3. get each 45 μ l of fluorescence quantitative PCR reaction solution respectively, get the and 1. go on foot 2. each 2.5 μ l of HSV1 positive criteria template of step dilution of gained HSV1DNA and the, get the and 1. go on foot 2. each 2.5 μ l of HSV2 positive criteria template of step dilution of gained HSV2DNA and the, and establish negative control, add different PCR reaction tubess respectively, the parallel PCR that is detects on the fluorescent quantitation detector.Cycling condition is: 95 ℃ of pre-sex change 300s; 95 ℃ of 10s, 58 ℃ of 40s, 40 circulations of increasing.The used fluorescence of HSV1 is FAM in this dual test kit, its absorbing wavelength 494nm, emission wavelength 522nm; The used fluorescence of HSV2 is ROX, its absorbing wavelength 588nm, emission wavelength 608nm.
2, experimental result
After the quantitative fluorescent PCR reaction finished, the utilization instrument carried software, reads sample copy number to be checked.The result is: HSV1 standard positive mould 10
8Copies/ml, 10
7Copies/ml, 10
6Copies/ml, 10
5Copies/ml, 10
4Copies/ml, 10
3The CT value of copies/ml is respectively 16.11,19.62, and 22.33,26.98,30.59,34.02; HSV2 standard positive mould 10
8Copies/ml, 10
7Copies/ml, 10
6Copies/ml, 10
5Copies/ml, 10
4Copies/ml, 10
3The CT value of copies/ml is respectively 16.71,20.02, and 23.16,27.35,31.14,34.57; Negative control is 40.
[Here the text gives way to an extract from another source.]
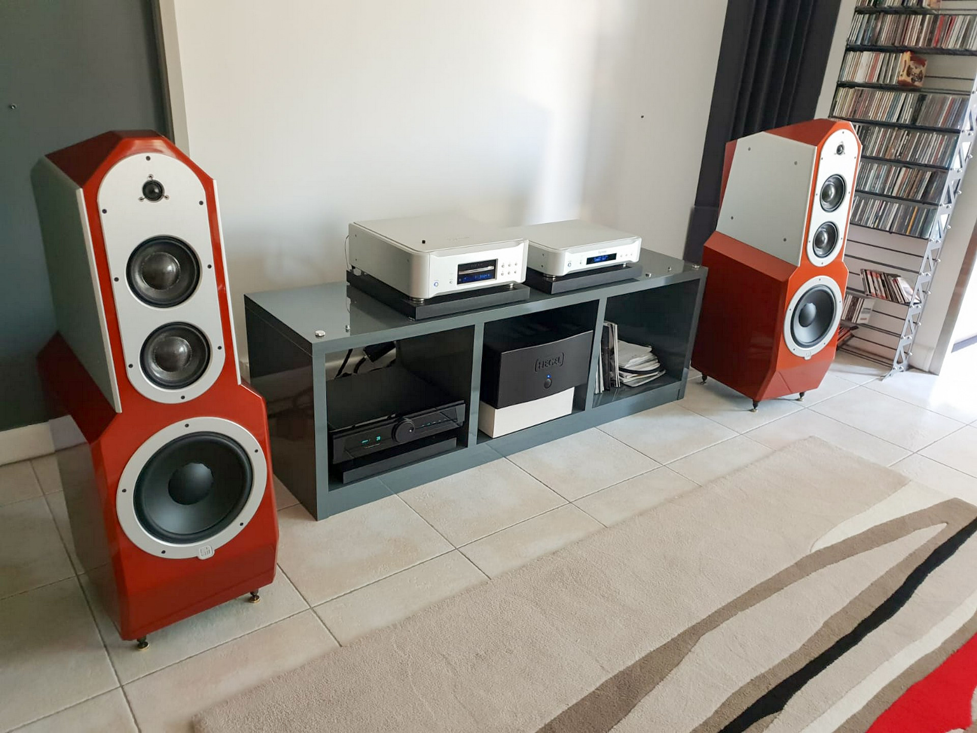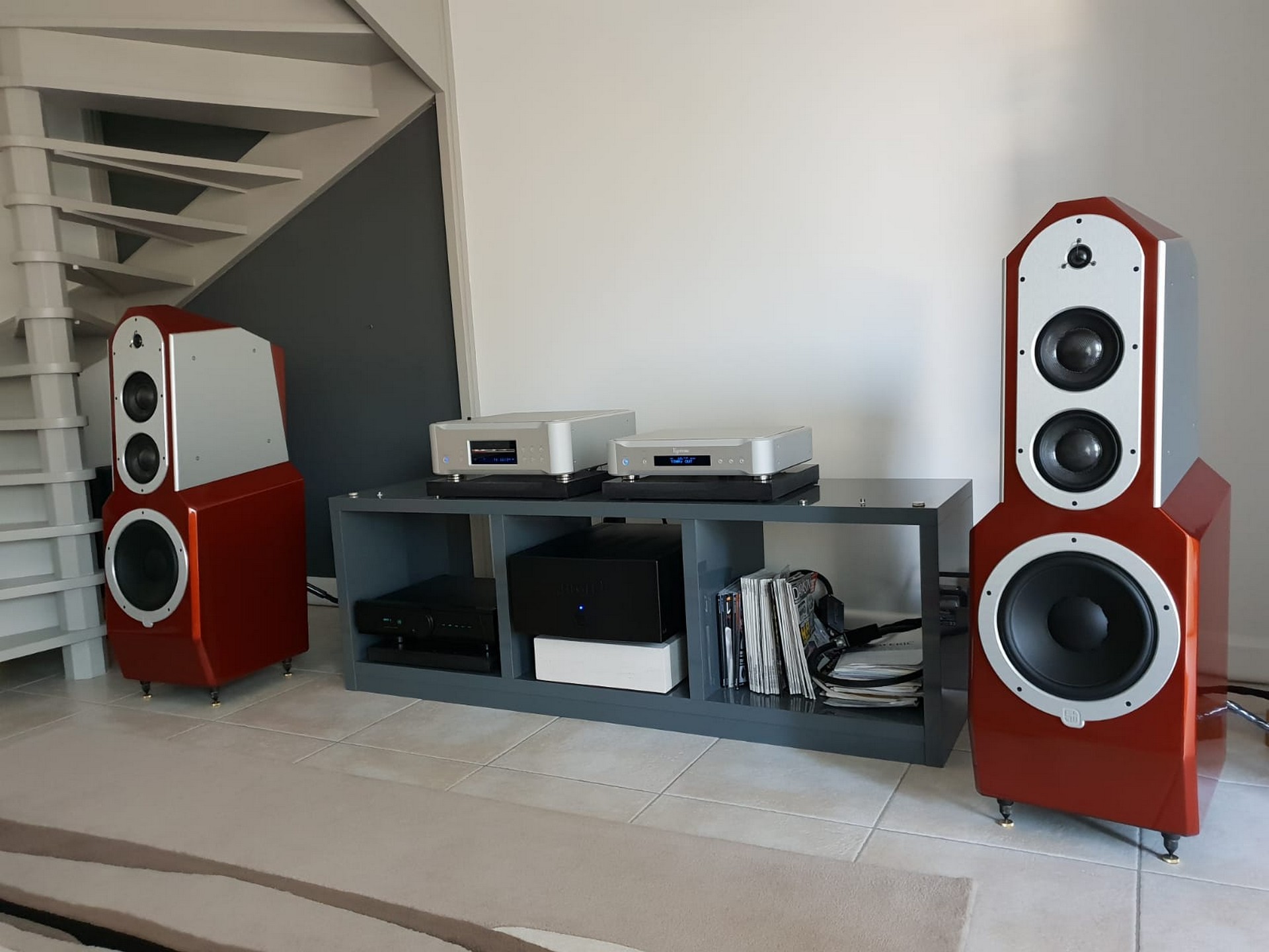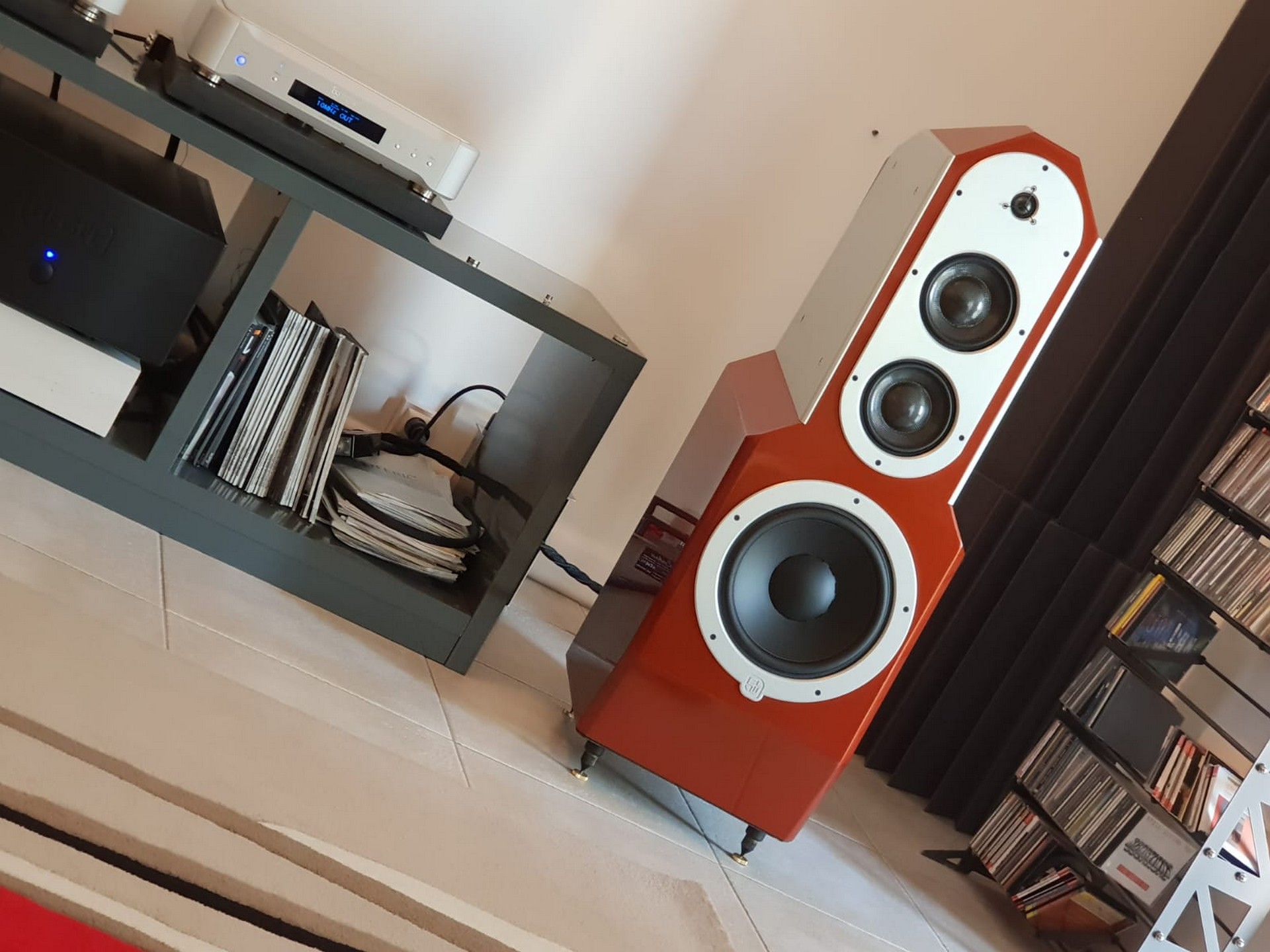 Les belles du système de Marc sont des Egglestonworks Andra 3, une icône de la hifi reconnaissable entre milles grâce à sa plastique propre et à ses lignes anguleuses.

Revision test is 3 times repeatedly, obtains the HSV2 value and carries out statistical analysis P>0.05, and the data difference nonsignificance illustrates that the detected result between its different batches has comparability, has good repeatability.
Can illustrate that from above-mentioned example this invents real-time TaqMan fluorescence quantitative PCR detection system, can be used for synchronous detection by quantitative and the Rapid identification of HSV1 and HSV2.Under the prerequisite of the good clinical sample of advanced processing, the TaqMan fluorescence quantitative PCR detection only need be spent 1.5 hours in real time, and conventional PCR detects owing to need the electrophoretic analysis of PCR product gel, approximately needs 4 hours, and cultivating rule needs time a couple of days.And in real time the TaqMan quantitative fluorescent PCR carries out real-time fluorescence signal monitoring and analysis in the stopped pipe mode in amplification, thereby has reduced the possibility that the crossed contamination of PCR product causes false positive results, has strengthened the specificity that detects greatly.The TaqMan-M6B probe can effectively be differentiated the variation of single base in the allelotrope.We use the positive control type strain, clinical separation strain, and the negative control type strain has been verified this reaction system, experimental result all shows fabulous specificity.
Have advantage simple fast, highly sensitive, high specificity with method synchronous detection herpes simplex virus I-type of the present invention and II type, have more importantly use value.